The first episode was a nice, edgy but still humorous piece of work that introduced us to the team’s old hosts, before introducing in less detail the team themselves. Episode two then gave us more of an introduction to the team members and the types of missions they’d go on.

I thought that would be the pattern laid down for the rest of the series, but what became clearer in the third episode is that the show may essentially bea spy show with a bunch of sleeper agents waking up from their normal lives to undertake secret missions, but it’s also as much about relationships and character as anything else. As well as continuing to focus on the different lives of the hosts to demonstrate how much detail there is that can get overlooked and what patterns of behaviour are expected of us, it also looked at the psychological impact of knowing how the future will turn out and who will live, who will die, how and when. Could you stand back and let others perish, knowing all you had to do was say “Don’t go left there for another minute” and they could live?

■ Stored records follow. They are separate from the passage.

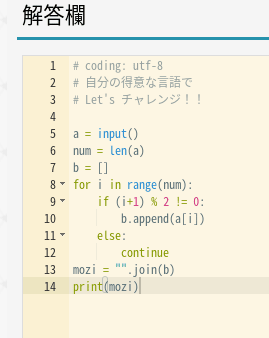これで文字列の奇数番目にある文字だけを抜き出して合体させるという問題をクリアして・・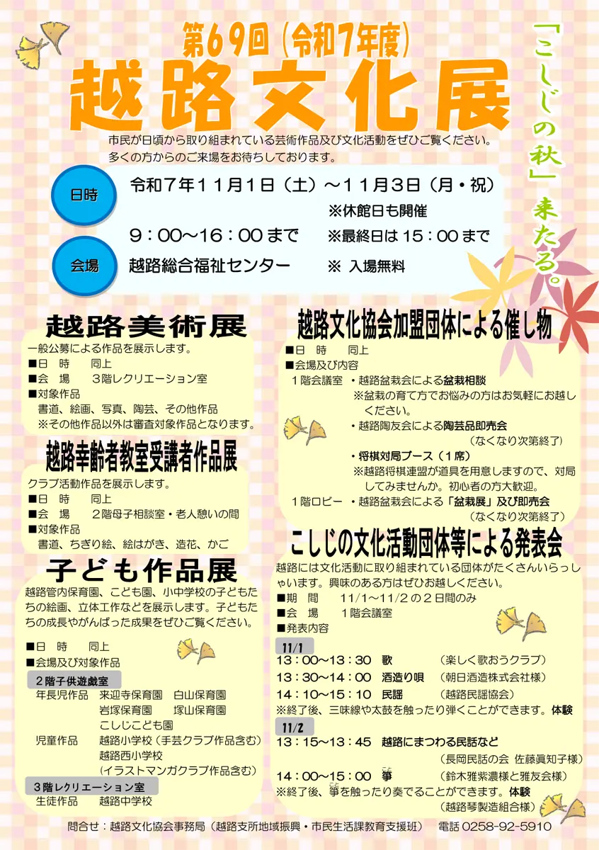 | お問い合わせ | 越路文化協会事務局(越路支所地域振興・市民生活課教育支援班) 電話 0258-92-5910 |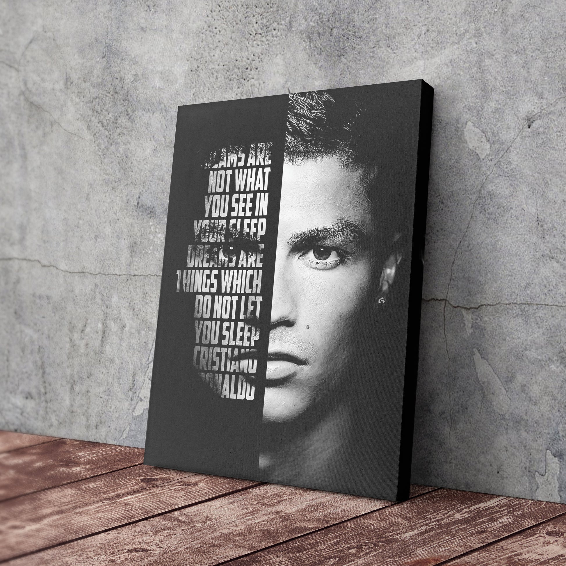 Motivate yourself with the winning mentality of Cristiano Ronaldo with this Motivational Quote Canvas Wall Art. Shop now to bring inspiration and soccer greatness into your space!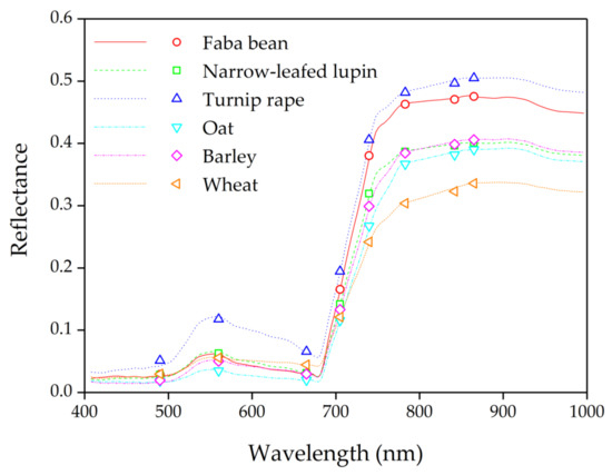 Figure 2. Spectral reflectance of the six crop species used in the study.

What saves the show from being a gloomy, self-important piece of sci-fi is a combination of the performances and the characters. Eric McCormack of Will and Grace is cast against type as an FBI agent, and his character manages to give the show a much needed sense of humour. MacKenzie Porter’s closed performance makes her formerly learning disabled host come smart doctor a source of intrigue, while Reilly Dolman’s douchebag school quarterback turned kind engineer gives the show heart and gentility. 

But there are jokes, too. No show that can use pre-pubescent children as temporal radio transmitters can take itself too seriously.

Travelers is a thoughtful, but often action-packed piece of science-fiction with feeling that isn’t that bothered with saving the future – there are dozens of other ‘travelers’ around the world so maybe they’ll do it. Instead, it’s more concerned with people. It could do with fixing a few plotholes and making its crack team of spies just a little bit better at blending in, but its focus on the little things in life is welcome in a genre so focused on the intellectual and the abstract.